Experiment 3: Improving the Accuracy
Now that we have better performance results, the matching process’s practical accuracy needs enhancement. As mentioned earlier, when scanning a picture in the real world, the amount of noise was enormous.
Our first approach was to use the CANNY edge detection algorithm to find the square or the rectangle edges of the image and clip out the rest of the data, but the results were not reliable. We observed two issues that still stood tall. The first was that the images would sometimes contain captions which would be a part of the overall image rectangle. The second issue was that the images would sometimes be aesthetically placed in different shapes like circles or ovals. We needed to come up with a simple solution.
Finally, we analyzed the images in 16 shades of grayscale and tried to find areas skewed towards only 2 to 3 shades of grey. This method accurately found areas of text on the outer regions of an image. After finding these portions, blurring them would make them dormant in interfering with the recognition mechanism.

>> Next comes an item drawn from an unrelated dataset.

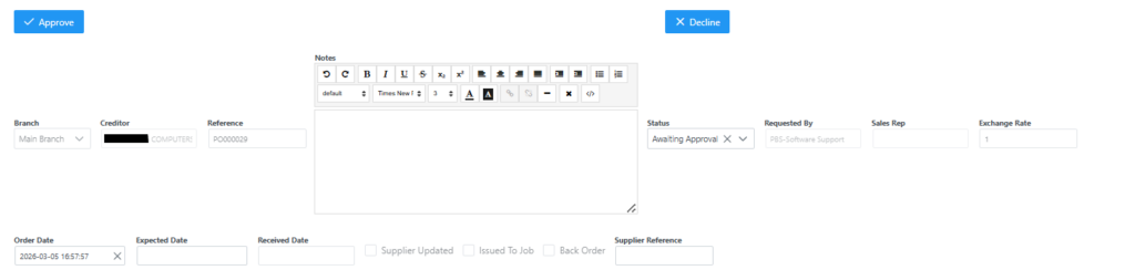 Here the Purchase Order can either be Approved or Declined if you have been given authority to do so. On clicking Approve, the Purchase Order will now go into the printing faze as seen in next screen.

Experiment 4: Implementing a Native SDK for Mobile
We swiftly managed to enhance the feature detection and matching system’s accuracy and efficiency in recognizing images. The final step was implementing an SDK that could work across both iOS and Android devices like it would have been if we implemented them in native SDKs. To our advantage, both Android and iOS support the use of C libraries in their native SDKs. Therefore, an image recognition library was written in C, and two SDKs were produced using the same codebase.
Each mobile device has different resources available. The higher-end mobile devices have multiple cores to perform multiple tasks simultaneously. We created a multi-threaded library with a configurable number of threads. The library would automatically configure the number of threads at runtime as per the mobile device’s optimum number.
To summarize, we developed a large-scale image recognition application (used in multiple fields including Augmented Reality) by improving the accuracy and the efficiency of the machine vision: feature detection and matching. The already existing solutions were slow and our use case produced noise that drastically reduced accuracy. We desired accurate match results within a blink of an eye.
Thus, we ran a few tests to improve the mechanism’s performance and accuracy. This reduced the number of feature matching loops by 90%, resulting in a 10x faster match. Once we had the performance that we desired, we needed to improve the accuracy by reducing the noise around the text in the images. We were able to accomplish this by blurring out the text after analyzing the image in 16 different shades of grayscale. Finally, everything was compiled into the C language library that can be used with iOS and Android.